5) Mr Gibb submitted that the legal tests were to be found in Judes [2001] EWCA Civ 825 per Schiemann LJ at paragraph 3:

[in Manzeke 1997 Imm AR 524 at page 531] ? Lord Woolf MR set out ? the appropriate test ?: even if the Tribunal had not made the error as to the credibility of the appellant, would it inevitably have reached the same conclusion? In other words, my task, if I am to refuse relief to the claimant ? is to be satisfied that had the IAT not made the clear error that it did, it would inevitably have reached the same conclusion. That is, of course, a very high hurdle for the defendant to leap over, and it has to be borne in mind that it arises in the context of an asylum case which demands ? the most anxious scrutiny ?

6) And in Gashi [2002] EWCA 227 (Admin) per Munby J at paragraphs 29 and 30:

Ms Giovannetti, I think, accepted what is, in any event, in my judgment, the law: that if Mr Grieves succeeds, as he has, in persuading me that there has been misdirection here, the matter has to go back to a different adjudicator for a fresh hearing unless she can demonstrate to me that no sensible adjudicator, properly directing himself or herself to all the relevant factors, could possibly arrive at any conclusion other than the conclusion at which in fact this adjudicator arrived. In other words, in this particular context, the text for resisting what would otherwise be the granting of a quashing order is the classic Wednesbury test.

Putting it slightly differently, Ms Giovannetti accepted that if she is to resist the remittance of this matter to the fresh adjudicator, the case would have to be one in which, had this adjudicator in fact found for the claimant rather than, as he did, against him, the Secretary of State would have been able in this court to quash that decision on the ground of irrationality. That is, and appropriately, as it seems to me, a high test. It is a difficult hurdle to overcome in any context, and all the more so in the context of asylum, where this claimant is entitled in this court, as elsewhere, to the most anxious scrutiny of his claim.

7) I reserved my determination.

8) In Judes the adjudicator overlooked a significant medical report. Scheimann LJ found it a case "just on the side of the line" where the omission "could conceivably make a difference", and said at the end of his judgment that this was "a question which will attract different answers on the facts of different cases; the present one is a borderline one. I would allow this appeal."

9) In Gashi it was overlooked that the appellant claimed that he would be at risk if returned to Kosovo because he was a Catholic, and Catholics were perceived as having been collaborators with the Serb regime. The critical point was that the adjudicator understood the case as based on fear because of ethnic origin and there was "conspicuously lacking any reference to the factor of religion" (paragraph 24).

10) The errors in Judes and Gashi were on a different plane to those asserted in this appeal.

11) I do not quote or summarise the judge's findings and reasons at paragraph 36 onwards of his determination. They speak for themselves. The determination is thorough and thoughtful, giving numerous good reasons, in which no legal error has been or could be averred, for concluding that the appellant has not given a reliable account of himself.

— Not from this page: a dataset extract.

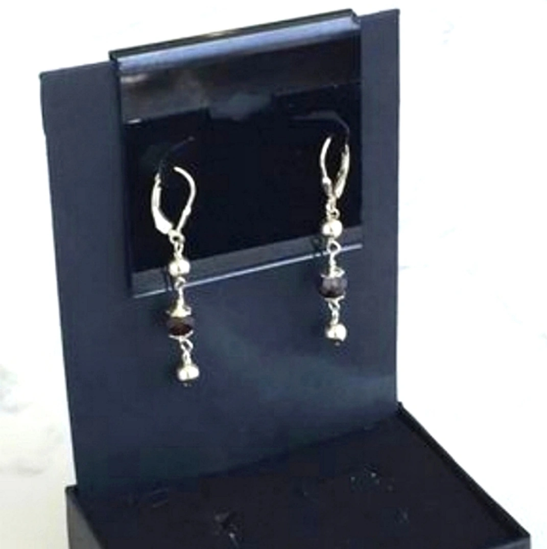 VINTAGE Natural Amethyst Stone w/925 Silver Beads Lever Back
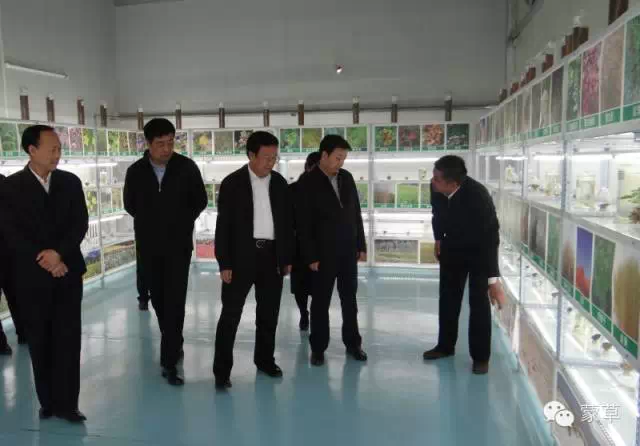 蒙草董事長(zhǎng)王召明在標(biāo)本室向馮新柱一行介紹北方常見植物

12) The first point taken in the grounds of appeal does not amount to much more than saying that there was an implausible aspect of the appellant's account, which it was not within his scope to explain further. The second point, I think, is misleadingly taken. Whether or not the appellant instructed his legal representatives in 2000 to try to impress the respondent by saying that he had not resorted to a frivolous asylum claim, the fact was that he had not then purported to have any claim on asylum grounds. The third matter is trivial. Taken together, the three points do not amount to good reason for setting aside the determination.

13) The determination of the First-tier Tribunal shall stand.